The lines from the one containing "Vestido em seda" through the final line of the listing below are what the answer must repeat, exactly and only, leaving pictures out.

(AVAILABLE RECORDS)

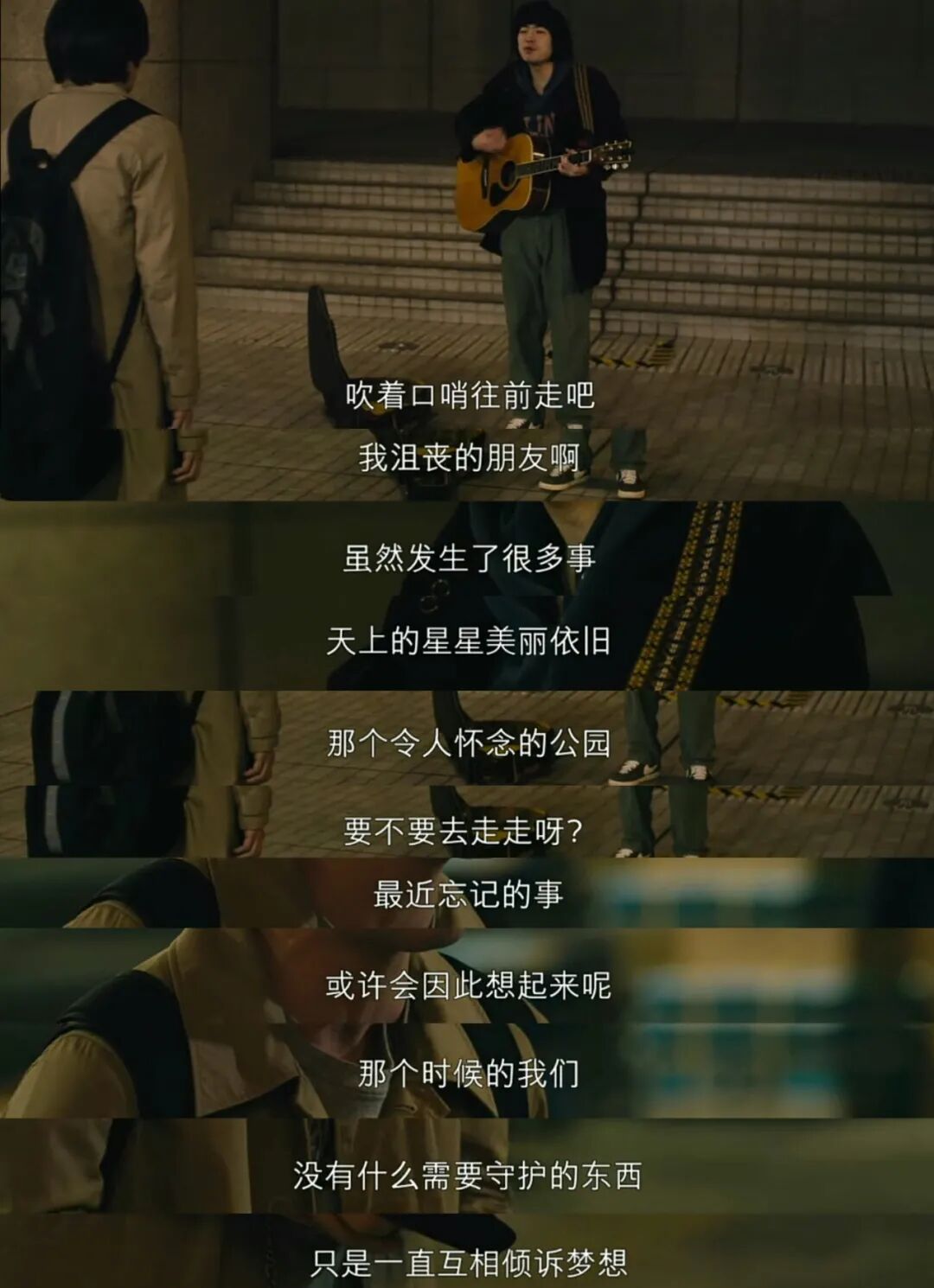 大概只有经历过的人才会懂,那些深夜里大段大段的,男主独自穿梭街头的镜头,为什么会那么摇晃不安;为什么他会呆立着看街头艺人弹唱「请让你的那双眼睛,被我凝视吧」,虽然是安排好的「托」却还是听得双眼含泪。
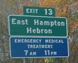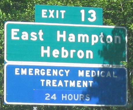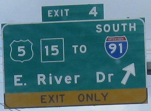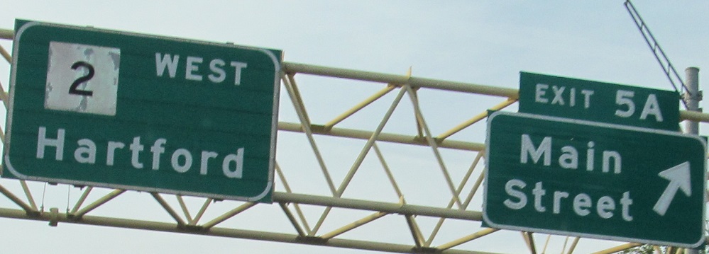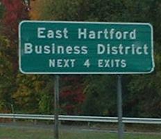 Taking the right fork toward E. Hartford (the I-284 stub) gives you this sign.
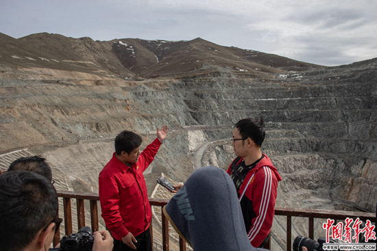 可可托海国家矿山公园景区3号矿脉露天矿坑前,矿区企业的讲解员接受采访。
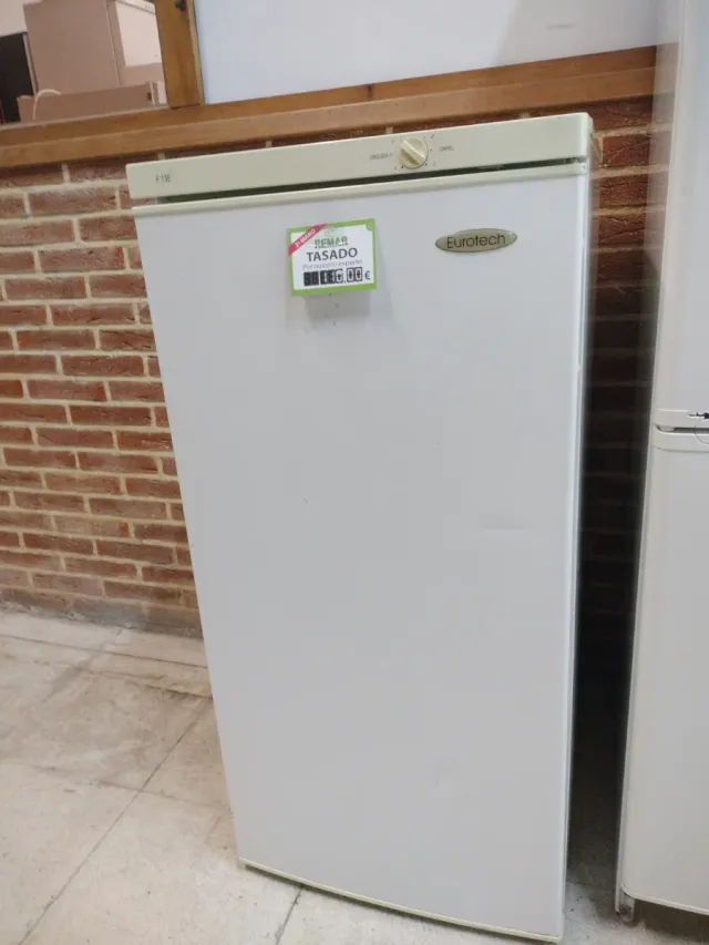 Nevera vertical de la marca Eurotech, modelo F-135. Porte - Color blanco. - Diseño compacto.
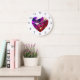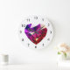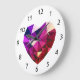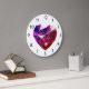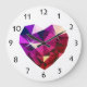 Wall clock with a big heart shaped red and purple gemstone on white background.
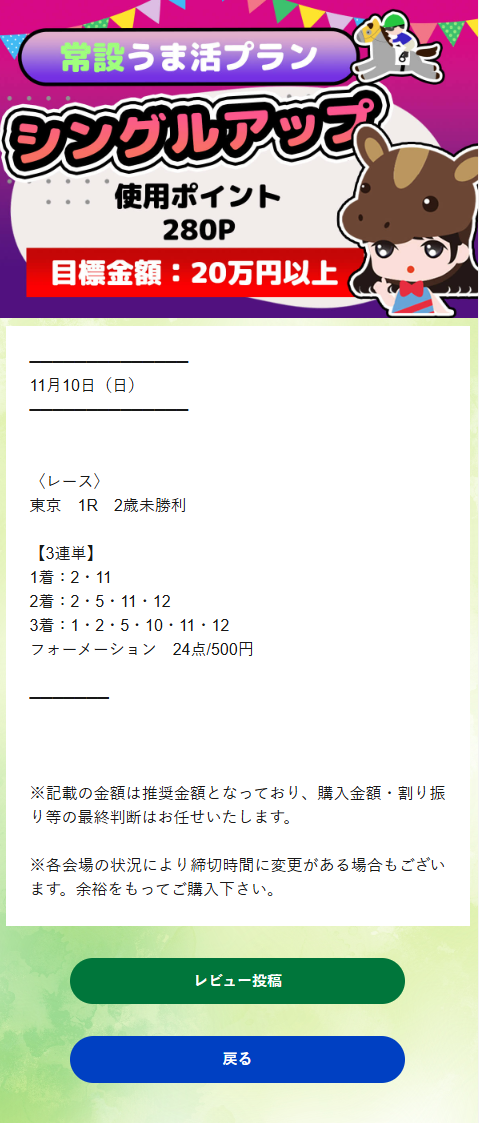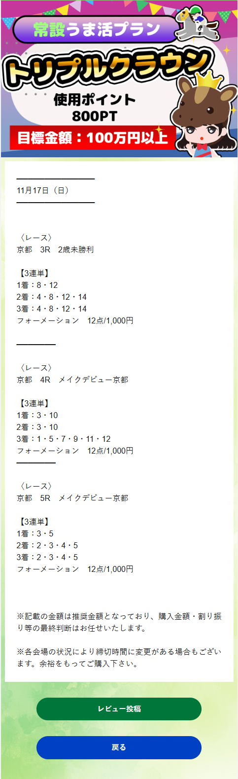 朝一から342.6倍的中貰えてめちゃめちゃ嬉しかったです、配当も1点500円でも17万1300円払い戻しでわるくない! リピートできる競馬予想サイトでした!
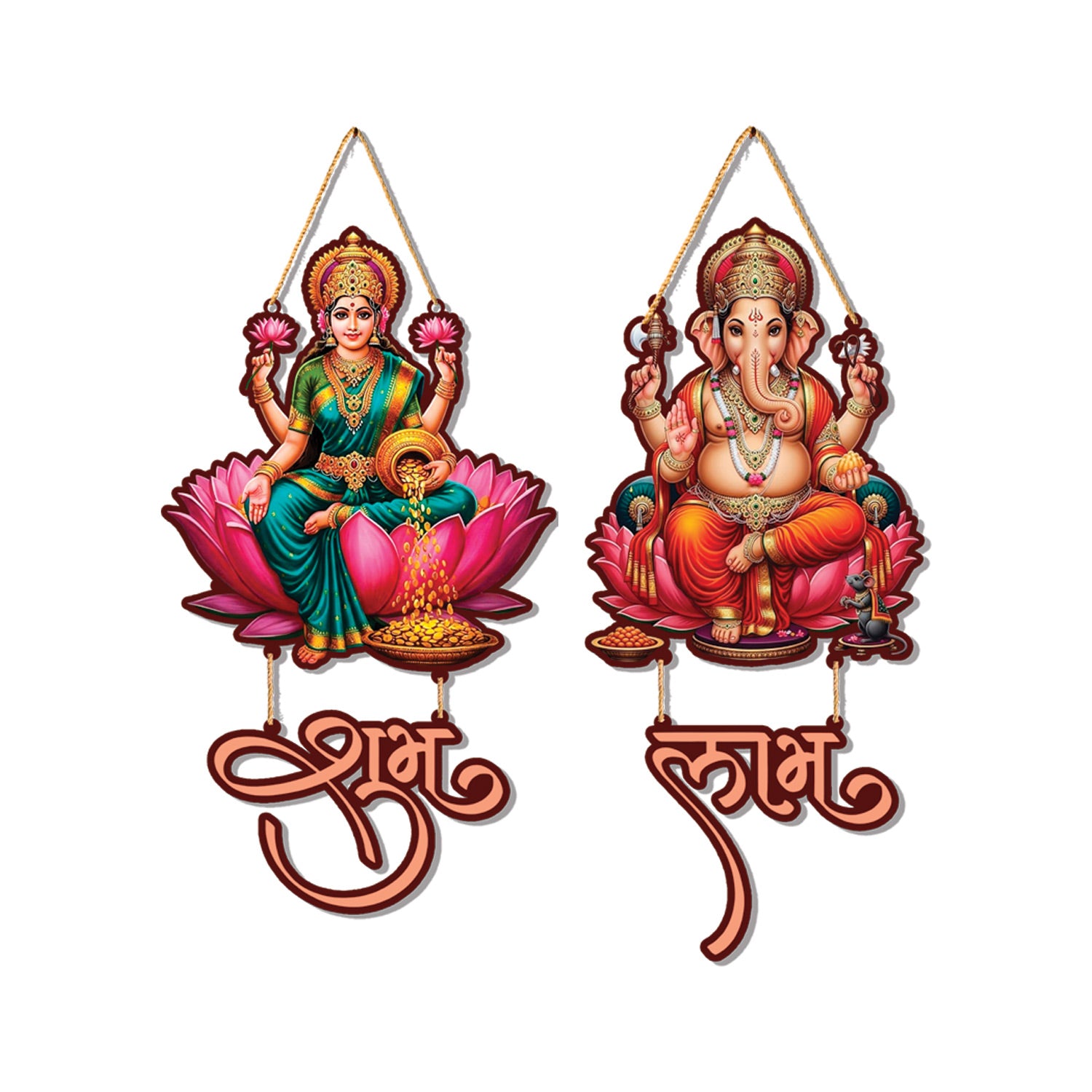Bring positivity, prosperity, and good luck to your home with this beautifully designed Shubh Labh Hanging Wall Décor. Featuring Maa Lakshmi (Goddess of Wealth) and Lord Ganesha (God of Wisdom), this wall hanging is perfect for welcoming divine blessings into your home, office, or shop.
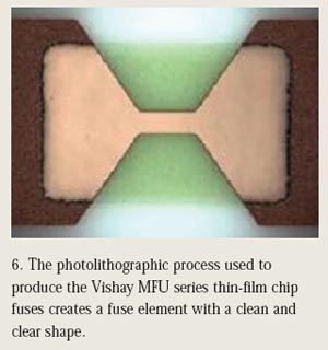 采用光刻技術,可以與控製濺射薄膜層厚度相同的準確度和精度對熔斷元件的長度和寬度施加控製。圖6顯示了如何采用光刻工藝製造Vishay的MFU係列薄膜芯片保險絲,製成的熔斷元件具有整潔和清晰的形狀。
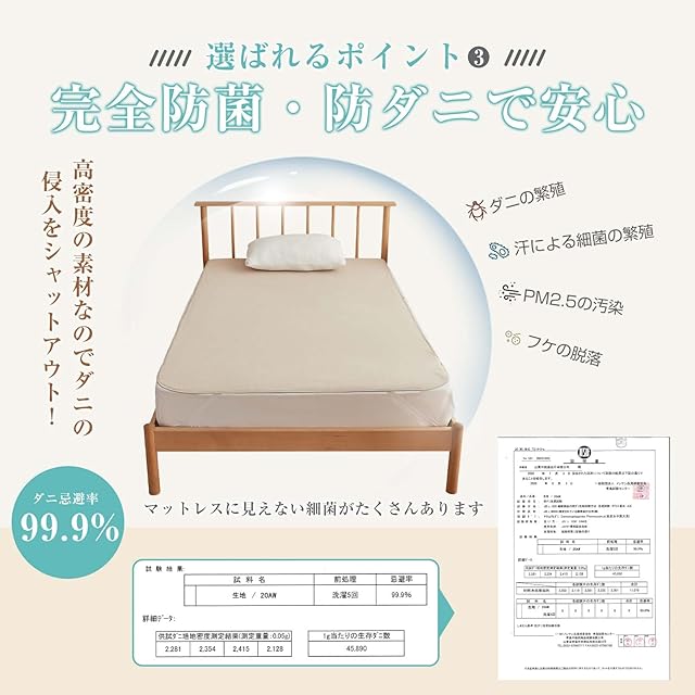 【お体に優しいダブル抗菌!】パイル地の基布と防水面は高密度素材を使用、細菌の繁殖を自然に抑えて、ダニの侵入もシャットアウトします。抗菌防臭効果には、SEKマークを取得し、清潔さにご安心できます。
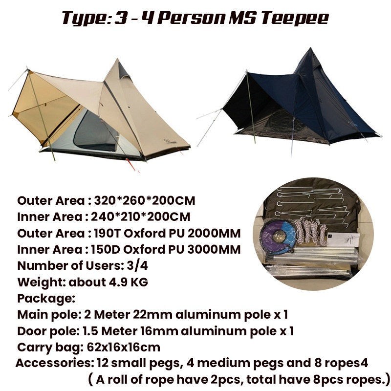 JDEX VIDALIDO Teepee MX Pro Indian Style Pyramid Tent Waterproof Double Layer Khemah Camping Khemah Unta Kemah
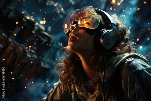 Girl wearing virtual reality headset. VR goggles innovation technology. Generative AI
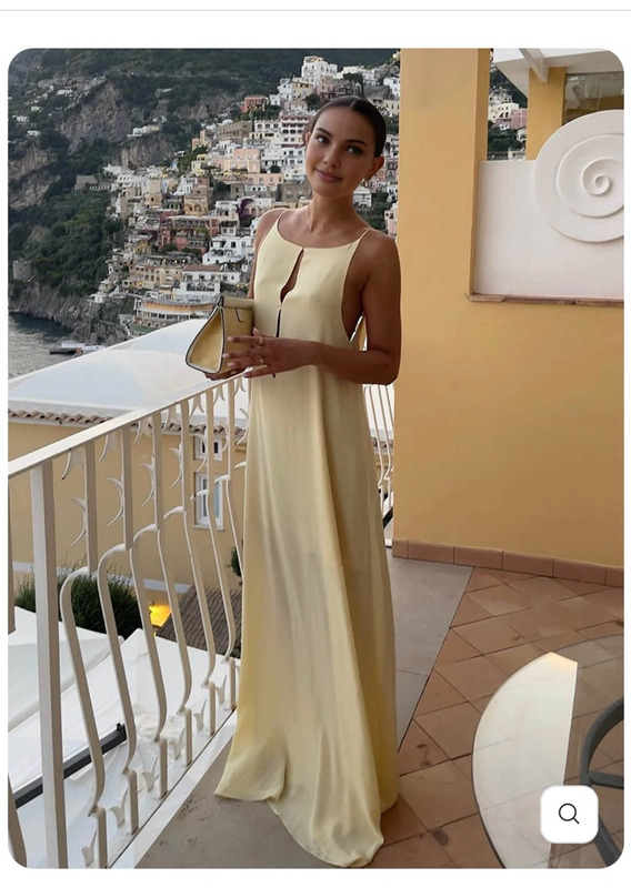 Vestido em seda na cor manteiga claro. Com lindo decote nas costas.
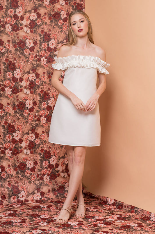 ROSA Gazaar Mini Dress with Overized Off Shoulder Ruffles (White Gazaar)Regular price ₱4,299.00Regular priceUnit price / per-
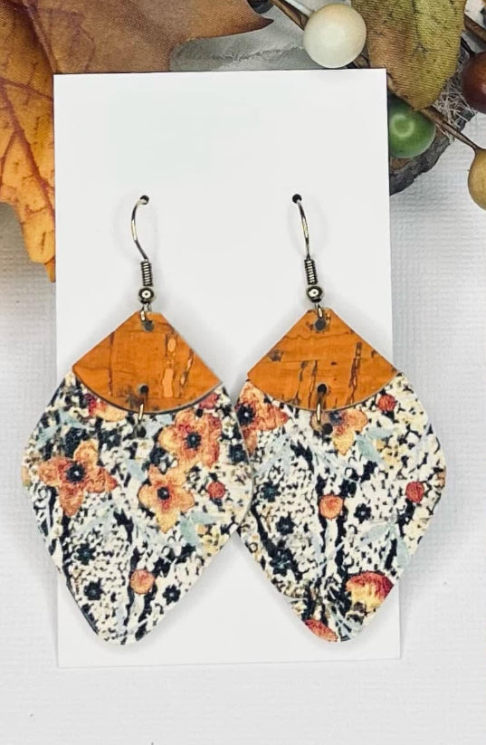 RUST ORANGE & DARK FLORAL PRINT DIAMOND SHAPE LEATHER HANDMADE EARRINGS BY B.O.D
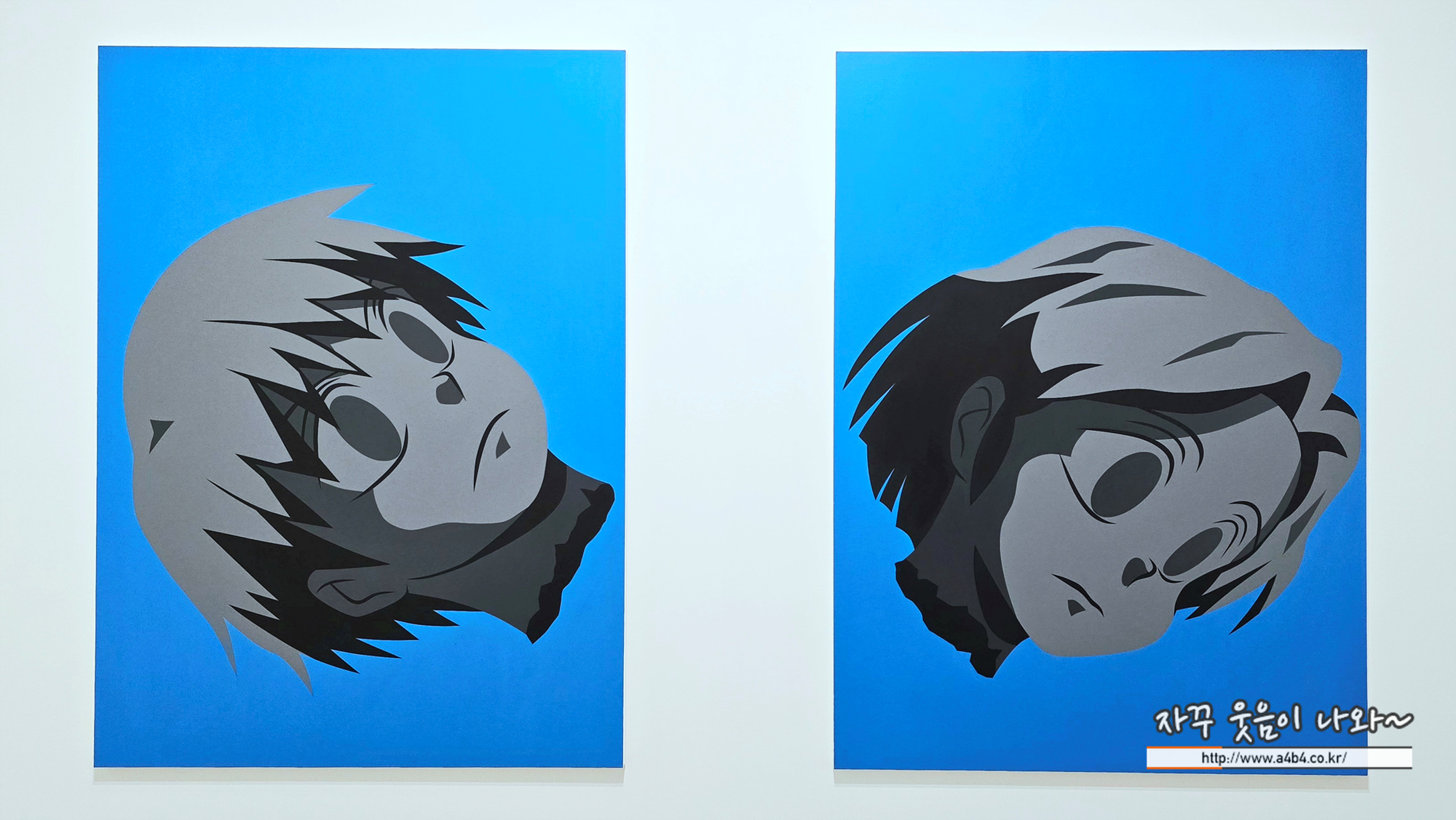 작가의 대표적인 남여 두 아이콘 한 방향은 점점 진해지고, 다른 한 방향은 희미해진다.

(End AVAILABLE RECORDS)

▶ [OUTPUT FOR THIS EXERCISE]
 Vestido em seda na cor manteiga claro. Com lindo decote nas costas.
 ROSA Gazaar Mini Dress with Overized Off Shoulder Ruffles (White Gazaar)Regular price ₱4,299.00Regular priceUnit price / per-
 RUST ORANGE & DARK FLORAL PRINT DIAMOND SHAPE LEATHER HANDMADE EARRINGS BY B.O.D
 작가의 대표적인 남여 두 아이콘 한 방향은 점점 진해지고, 다른 한 방향은 희미해진다.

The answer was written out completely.